What kind of vpn network is behind zt5u4y6ejv interfaces?

giovannicandido commented 6 years ago

https://www.zerotier.com/

Is a peer to peer mesh network

jakolehm commented 6 years ago

Not sure why would you need an additional p2p mesh network (weave is already a p2p mesh network)? This probably causes slowness & random network failures because you have two mesh network layers and weave probably also tries to create ipsec tunnels between peers.

Is zerotier mandatory here or would plain weave network be enough?

giovannicandido commented 6 years ago

Using trusted_subnets, if is passed to weave, should not re-encrypt traffic. The cloud provider doesn't have a SDN network, and shares the private ip space with other customers. Zerotier is not mandatory, but high compelling. It acts like a VPN where clients (admins) could connect to the same network as if is local (OpenVPN like) without a single point of failure and with good performance (no central routing). It also can provide datacenter agnostic migration, the ip address can be just migrated to another datacenter without downtime. I will experiment other approaches but, it works well. I will comment the results.

jakolehm commented 6 years ago

In this (kinda exotic) case you probably need to define zerotier network as a "trusted subnet". Otherwise weave will encrypt traffic within zerotier using IPSEC. Other option is to use calico with zerotier.. but that limits your hardware options to amd64.

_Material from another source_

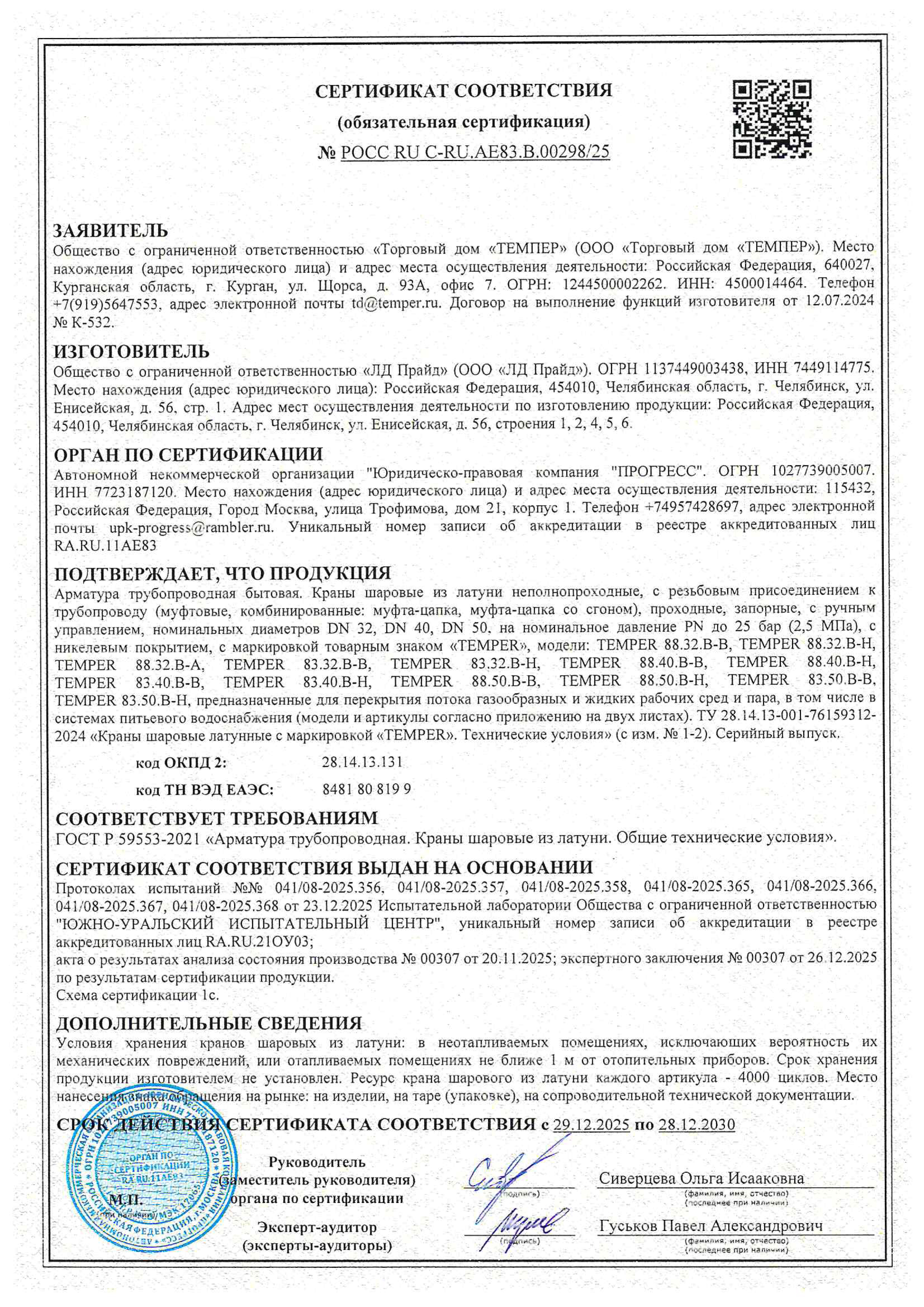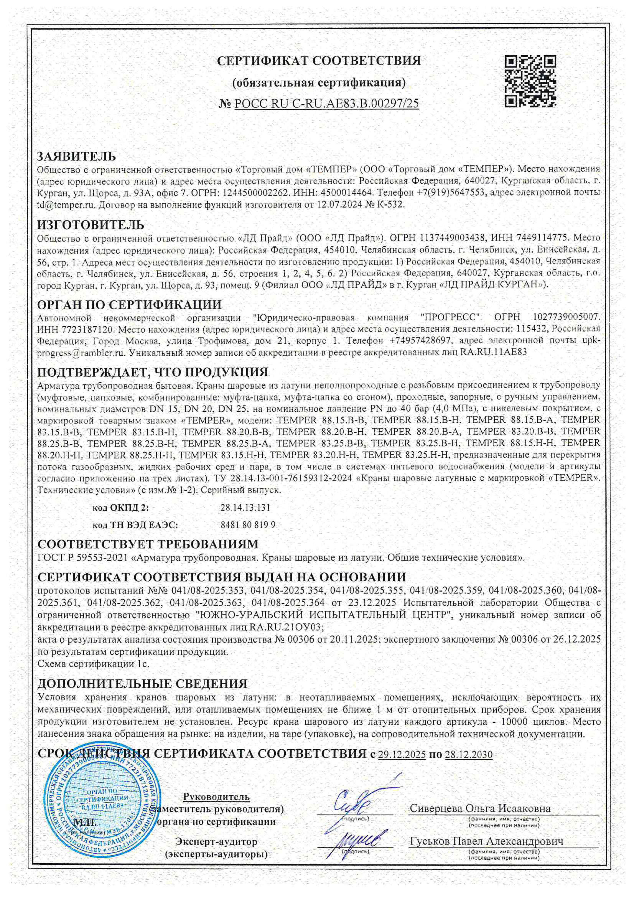 Сертификат соответствия ГОСТ латунные краны

giovannicandido commented 6 years ago

I think I found the real source of problem: NAT As I said each system is behind a traversal NAT and doens't have real IP attached. The DNS record needs to point to valid ip address. But looks like (I'm guessing here) the certificates are bound to the name + ip. Since ip in network card is not the same as DNS that is the source of problem.

I came to that conclusion after successfully creating a cluster with exact same configuration, but in a different provider. The new systems has IP attached.

That case is not so exotic if you think on enterprises building clusters in house. IPV4 is gone for good and unfortunately NAT is one of the tools to overcome the short offer, when the API server needs to be exposed for remote access, the only alternative is to use VPN and reference the private IP. The other limitation is that fully HA is trick because the client will only connect to a specific ip (loadbalancer will no work here kubectl client will refuse connections)

The good news is that this limitation is bound only to the master nodes. Since 3 - 5 nodes are enough for the vast majority of needs the number of ip address in this case is manageable. We also have the alternative to lock down access exclusive thought the VPN and expose only ingress or other traffic, which is not bad.

What I will do: Change provider from scaleway to hetzner cloud. That decision is not only because of the problem, but hetzner is on the same price range with some features I appreciate (ceph storage for HA, snapshots)

Let me know if you guys need more information in order to document that behavior, or if you decide to improve something about the cert generation (or other cause I'm not seeing)

Thank you all for the support here ;-)